#!/usr/bin/env python
# coding: utf-8
# # Exercise 3.3 - Solution
# ## Checkerboard
#
# Open the Tensorflow Playground (www.playground.tensorflow.org) and select on the left the checkerboard pattern as the data basis.
#
# The data is taken from a two-dimensional probability distribution and is represented by the value pairs $x_1$ and $x_2$. The regions $x1$, $x_2 > 0$ and $x_1$, $x_2 < 0$ are shown by one color. For value pairs with $x_1 > 0$, $x_2 < 0$ and $x_1 < 0$, $x_2 > 0$, the regions are indicated by a different color.
#
# In features, select the two independent variables $x_1$ and $x_2$ and start the network training. The network learns that $x_1$ and $x_2$ are for these data not independent variables, but are taken from the probability distribution of the checkerboard pattern.
#
# [![Checkerboard](./images/checkerboard_tf_playground.png)](https://playground.tensorflow.org/#activation=relu&batchSize=10&dataset=xor®Dataset=reg-plane&learningRate=0.03®ularizationRate=0&noise=0&networkShape=4,2&seed=0.20784&showTestData=false&discretize=false&percTrainData=50&x=true&y=true&xTimesY=false&xSquared=false&ySquared=false&cosX=false&sinX=false&cosY=false&sinY=false&collectStats=false&problem=classification&initZero=false&hideText=false)
#
# ## Tasks
# 1. Try various settings for the number of layers and neurons using `ReLU` as activation function. What is the smallest network that gives a good fit result?

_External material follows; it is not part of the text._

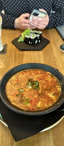 Das Ambiente ist mehr als mau, das ist nicht mehr als ein Pommesbude auch hinbekommt. Service war freundlich, allerdings hatten wir in 1,5 Stunden Aufenthalt sage und schreibe 5 verschiedene Kellner für unseren Tisch weil permanenter Wechsel herrschte. Demnach wusste der eine nicht was der andere bereits am Tisch besprochen hat. Das Essen war „ok“, mehr leider nicht. Das Sushi bekommt man tatsächlich in vielen Läden besser, zum selben Preis. Suppen, Hauptgerichte waren Mittelmaß, dafür muss man eigentlich nicht auswärts essen gehen wenn man einigermaßen selber kochen kann. Extrem störend vom Anblick war für uns der „Personaltisch“ direkt vor der Türe, wo permanent einer vom Personal mit dem Handy spielte, rauchte oder sich halb liegend auf dem Tisch ausruhte.
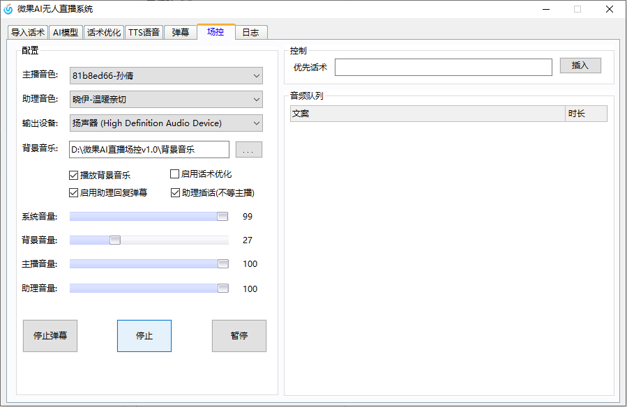 暂停按钮,暂停后只暂停当前播放任务和语音生成任务。暂停取消后继续按照之前内容继续工作。

# 2. What do you observe when training networks with the same settings multiple times? Explain your observations.
# 3. Try additional input features: Which one is most helpful?
#
# ## Solutions
# Hint: click on the images to open the correct playground settings needed to solve the task, respectively.
# ### Task 1
# Try various settings for the number of layers and neurons using ReLU as activation function. What is the smallest network that gives a good fit result?
#
# [![Checkerboard](./images/checkerboard_tf_playground.png)](https://playground.tensorflow.org/#activation=relu&batchSize=10&dataset=xor®Dataset=reg-plane&learningRate=0.03®ularizationRate=0&noise=0&networkShape=3&seed=0.10528&showTestData=false&discretize=false&percTrainData=50&x=true&y=true&xTimesY=false&xSquared=false&ySquared=false&cosX=false&sinX=false&cosY=false&sinY=false&collectStats=false&problem=classification&initZero=false&hideText=false)
#
# A network with a single layer holding 3 nodes. However, this configuration is not stable.
#
# A network with a single layer, holding 4 nodes, is way more stable.
# ### Task 2
# What do you observe when training networks with the same settings multiple times? Explain your observations.
# Due to the random initialization of weights, the network training always develops a little bit differently, leading to different results.
# ### Task 3
# Try additional input features: Which one is most helpful?
# [![Checkerboard](./images/checkerboard_3_2_task_3.png)](https://playground.tensorflow.org/#activation=relu&batchSize=10&dataset=xor®Dataset=reg-plane&learningRate=0.03®ularizationRate=0&noise=0&networkShape=&seed=0.10528&showTestData=false&discretize=false&percTrainData=50&x=false&y=false&xTimesY=true&xSquared=false&ySquared=false&cosX=false&sinX=false&cosY=false&sinY=false&collectStats=false&problem=classification&initZero=false&hideText=false)
#
# Obviously, the $x_1\cdot x_2$ feature is most helpful.